• [What the task asks]:
Search the listing below for the line with "Classic World Koraliki", then write out that line and every one after it exactly, without the pictures.

• [Data for this task]:
------
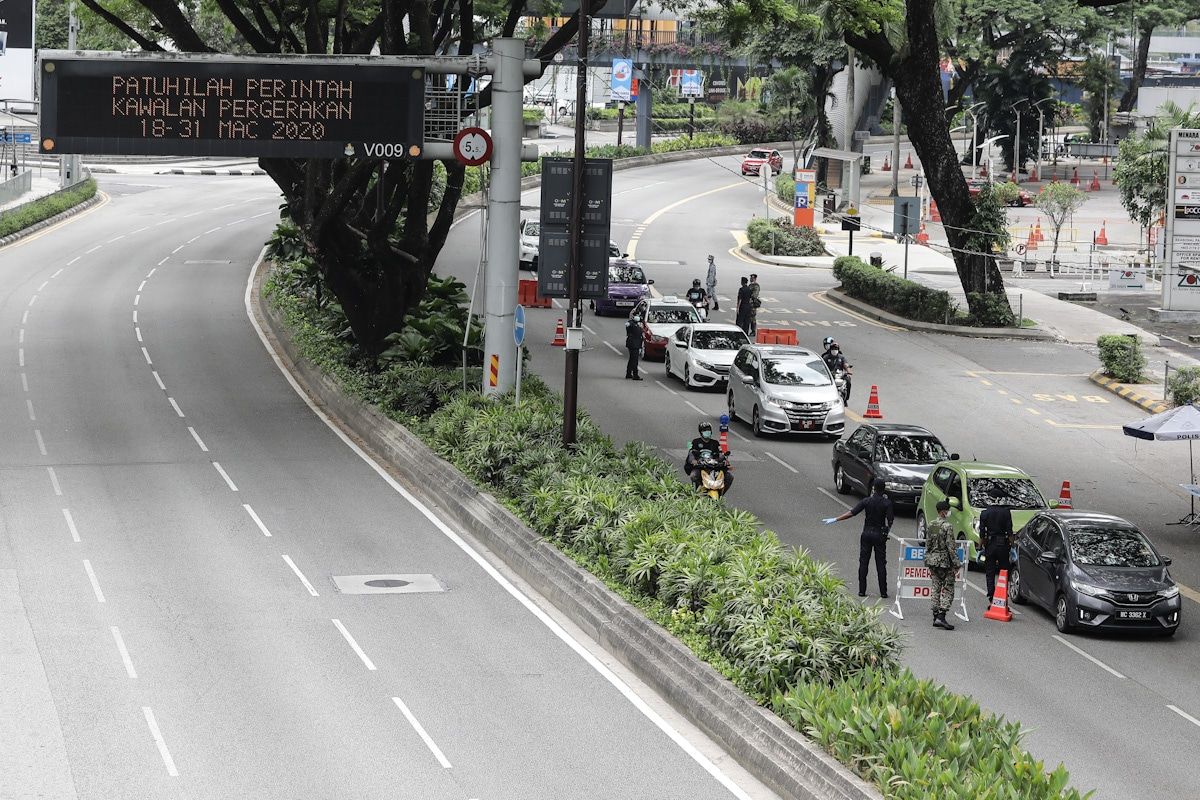 Anggota polis membuat sekatan jalan raya di Jalan Ampang pada 21 Mac 2020 susulan pelaksanaan Perintah Kawalan Pergerakan bagi mengawal penularan Covid-19.
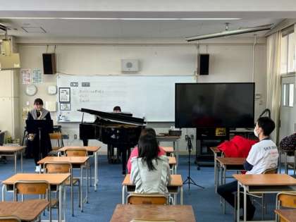 吹奏楽部顧問の先生のお知り合いの方がピアノ伴奏をしてくださいました。
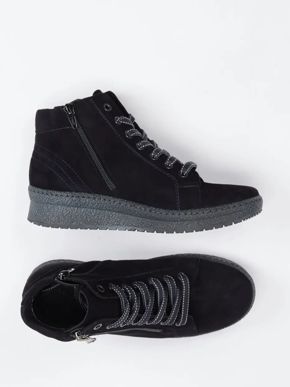 Stilvoll durch kühle Tage.Die Marke Semler präsentiert mit diesen Keilsohlen-Boots ein herbsttaugliches Allround-Modell für Damen. Ideal bei wechselhaftem Wetter in der City oder auf entspannten Spaziergängen bietet dieser Schnürboot aus softem Veloursleder eine matte Oberfläche in tiefem Blau. Die Kombination aus Schnürung und seitlichem Reißverschluss erleichtert das Anziehen, während die profilierte Gummisohle mit dezentem Keilabsatz für Trittsicherheit sorgt. Silberfarbene Ösen und Kontrastnähte unterstreichen den cleanen Streetwear-Charakter. Die austauschbare Innensohle fördert den Komfort besonders für Einlagen, was vor allem bei längeren Strecken ein Pluspunkt ist. Kombiniert mit Jeans oder Thermoleggings wirkt der Look funktional und modern. Perfekt ausbalanciert zwischen Komfortanspruch und urbanem Anspruch.
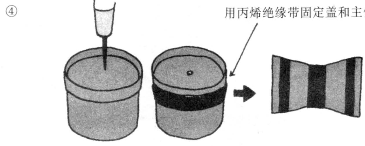 在空冰激凌盒(带盖)上打孔,丙烯绝缘带连接两个底。
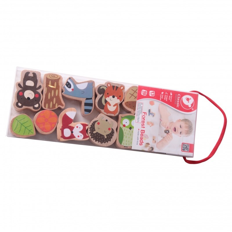 Classic World Koraliki Do Nawlekania Leśne Zwierzęta to idealna zabawka do rozwijania umiejętności motorycznych dziecka. Przeplatanka dla dzieci utrzymana została w motywie świata zwierząt leśnych. Zabawka przeplatanka marki Classic World to klasyczny zestaw drewnianych elementów z dziurkami, przez które dziecko przeplata sznureczek. Jest to świetna zabawa, która rozwija zręczność, oraz wzbudza ciekawość dziecka na temat zwierząt mieszkających w lesie.
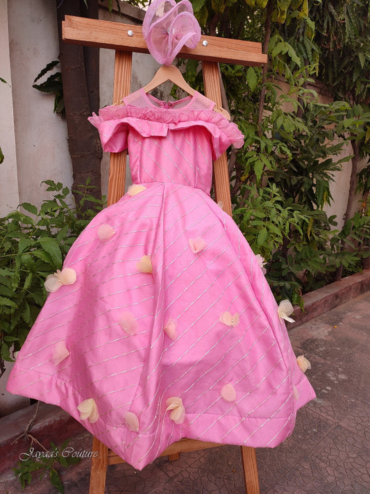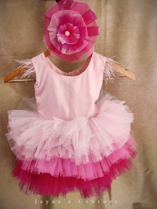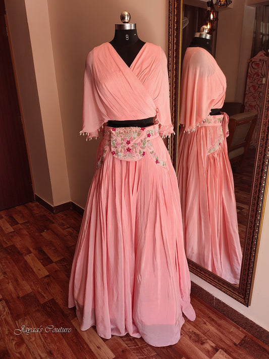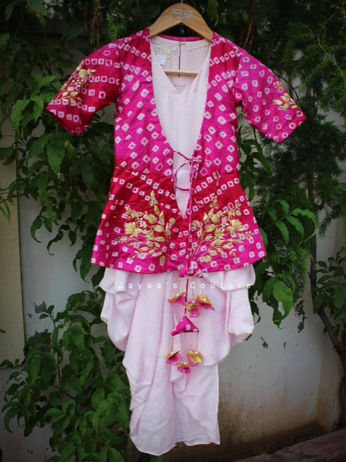 Pink dhoti draped dress with bandhani peplum style jacket.
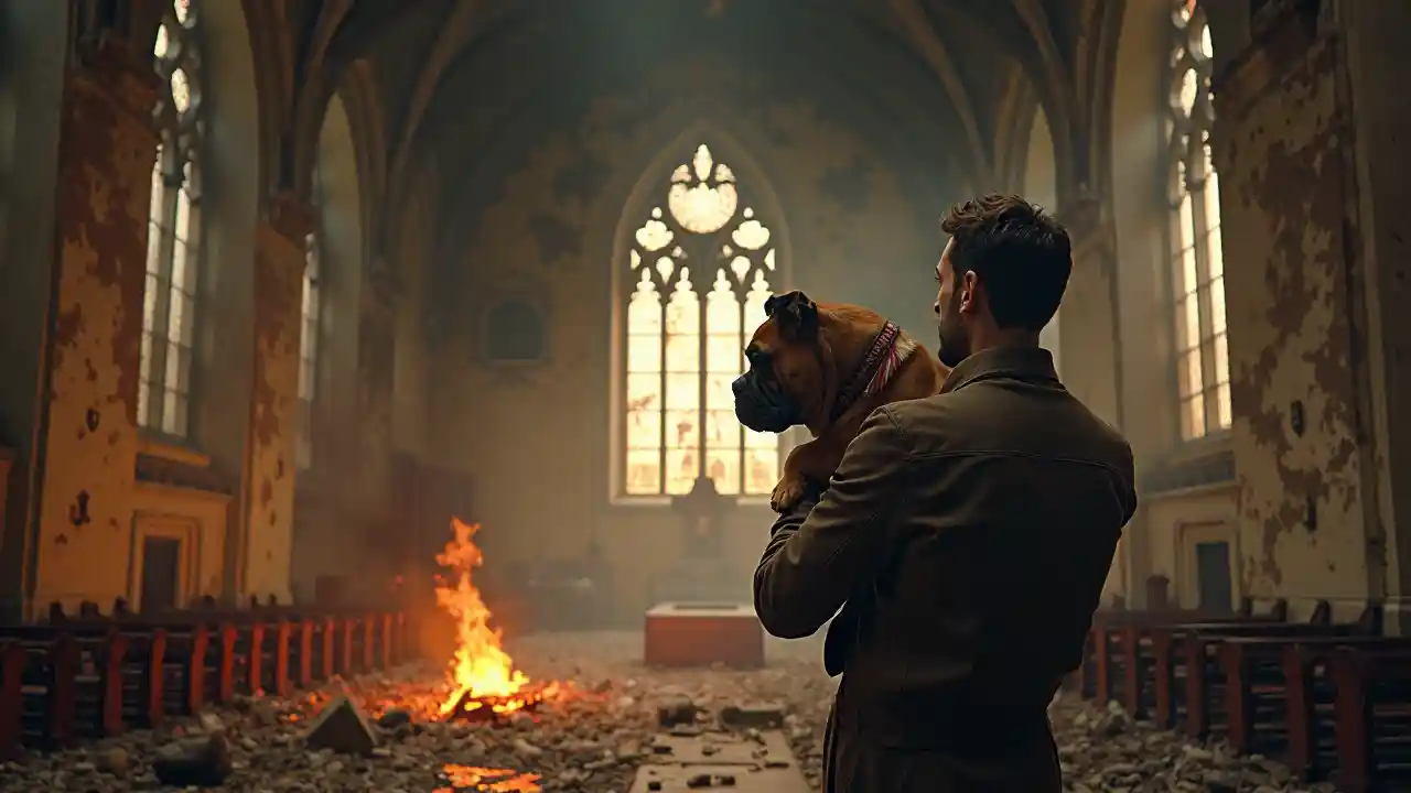 a man holding a English bulldog in a destroyed vaulted ceiling English church with broken large stained glass windows and a plane on fire in the background and a fire pit in the foreground, Artur Tarnowski, neo-romanticism, cinematic photography, a photorealistic painting
------
• [Answer to the problem]:
 Classic World Koraliki Do Nawlekania Leśne Zwierzęta to idealna zabawka do rozwijania umiejętności motorycznych dziecka. Przeplatanka dla dzieci utrzymana została w motywie świata zwierząt leśnych. Zabawka przeplatanka marki Classic World to klasyczny zestaw drewnianych elementów z dziurkami, przez które dziecko przeplata sznureczek. Jest to świetna zabawa, która rozwija zręczność, oraz wzbudza ciekawość dziecka na temat zwierząt mieszkających w lesie.
 Pink dhoti draped dress with bandhani peplum style jacket.
 a man holding a English bulldog in a destroyed vaulted ceiling English church with broken large stained glass windows and a plane on fire in the background and a fire pit in the foreground, Artur Tarnowski, neo-romanticism, cinematic photography, a photorealistic painting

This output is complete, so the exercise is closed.